AG:  The only reason we don’t get it nowadays is they’ve got some kind of cure for it.

Student:  So romantic.

AG:  It was considered romantic at the time.

Student:  Yeah.  Hmm.

Peter Orlovsky:  I guess also he did a lot of reading.

AG:  Yeah, stayed inside.

Peter Orlovsky:  Stayed inside, no sunshine.

AG: Stony towers.

Peter Orlovsky: Damp room.

Student:  Maybe you’re putting the cart before the horse.  They didn’t get consumption because they were poets, I mean.

Student:  No.

Student:  They became poets because of the sense…

AG:  Yeah.

Student:  … of death and all that, that might have brought their sensitivity out.

AG:  He was dying of consumption.  And Keats … had Keats died by then?

Student:  Uh, no.  Eighteen …

AG:  This says 1818.

Student:  … twenty.

AG:  Keats died two years later? [Editorial note – Keats died, actually, in 1821]

Student:  Twenty.

Student:  Didn’t Byron die right in there, too?

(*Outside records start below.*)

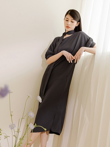 Shiyue_時月不規則抽皺洋裝_CLD028_黑
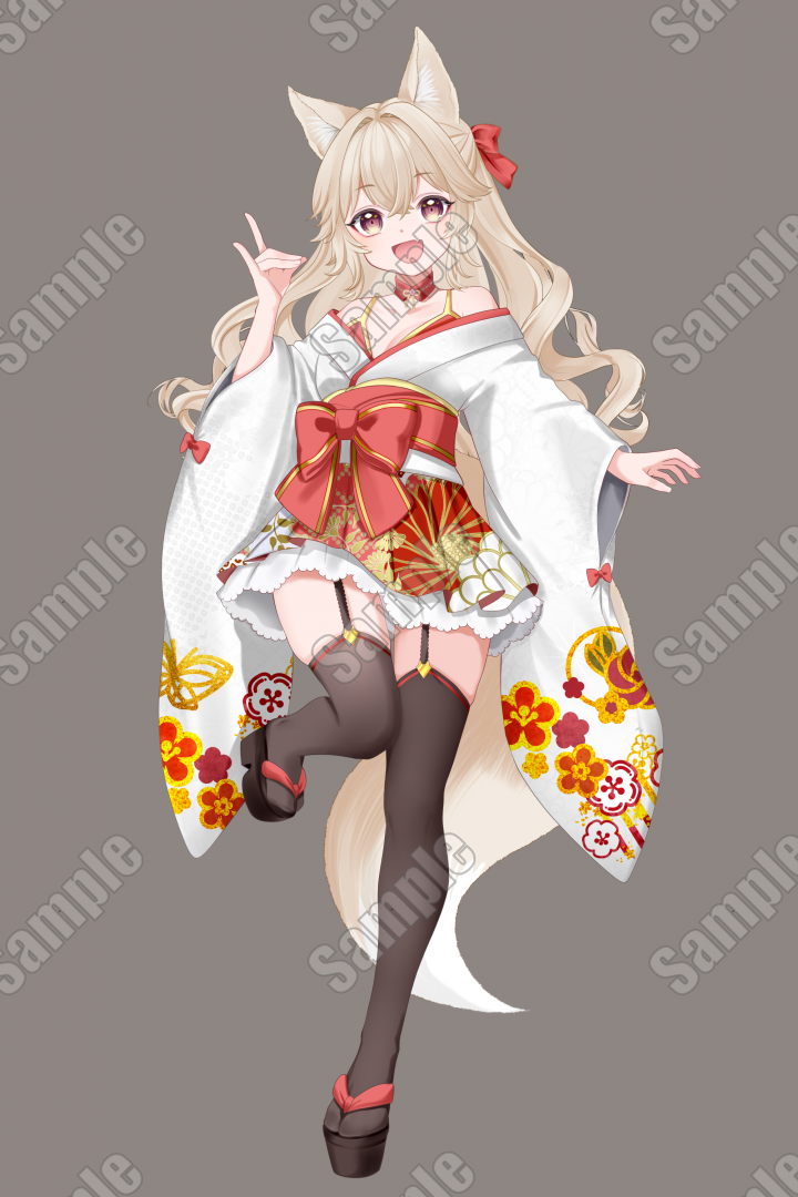ミニスカ和服のケモミミ少女
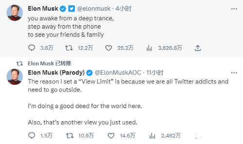 马斯克后续发文解释了实施浏览限制的原因:我设置 "浏览限制 "的原因是,我们都过分依赖使用推特,大家需要多出去走走体验现实生活,多去陪陪自己的亲人朋友,我这是为世界做了一件善事。(提醒一下,看我的推文你又用掉了一次浏览机会)
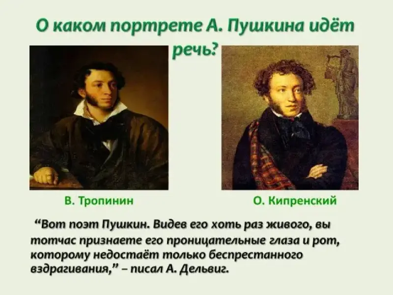 Слайд 9. Перед вами два известных портрета А. Пушкина работы В. Тропинина и О. Кипренского. "Вот поэт Пушкин. Видев его хоть раз живого, вы тотчас признаете его проницательные глаза и рот, которому недостаёт только беспрестанного вздрагивания". Художник О. Кипренский на портрете, заказанном А. Дельвигом летом 1827 года, сумел глубоко отобразить не только внешний вид поэта, но и его внутренний мир.
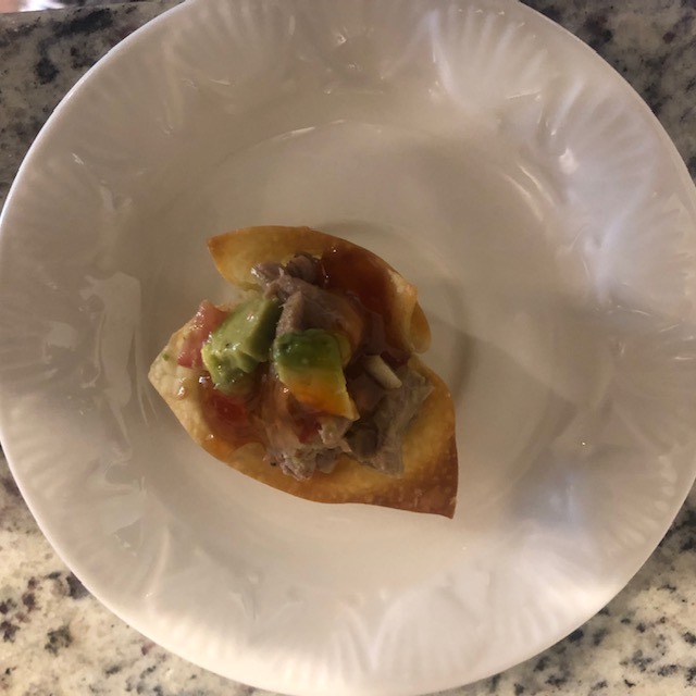 Here is an hors d’oeurve to wow at brunch. Simple quality ingredients can make all the difference – don’t go cheap! Spicy blackened tuna and avocado bring big flavor. Lime juice, tomatoes, and onion break up the richness topped with the sweet chili sauce. I hope you like it.

AG:  Later.  Byron died after. [Editorial note – Byron died in 1824.  So within three years Keats (1821), Shelley (1822) and Byron were dead.]

He does say “Some might lament that I were cold”.  So he knows that somebody is going to be sorry.  Somebody’s going to be sorry when he dies.

AG: Now you’ve got..  I was just in Rome and on the Spanish Steps where there’s a big fountain, there’s a house where Keats died where they have a giant library and memorial to Keats and Shelley and Byron and (Edward) Trelawny and all their friends.  And there’s a room where Keats died of consumption overlooking the Spanish Steps. Now it’s like a big museum and many regret.  And there’s a basic air of Romantic mournfulness about the place, because all these poets died young.  All the good ones, the great ones- like Byron, Keats, Shelley – died young.  And their sort of less-inspired friends lived on to write memoirs when they were ninety years old.  Hogg, I guess, [(The Life of Percy Bysshe Shelley (1858)) and Trelawny (Recollections of the Last Days of Shelley and Byron, in the same year, when he was sixty-six.  He was to live on until he was eighty-nine..]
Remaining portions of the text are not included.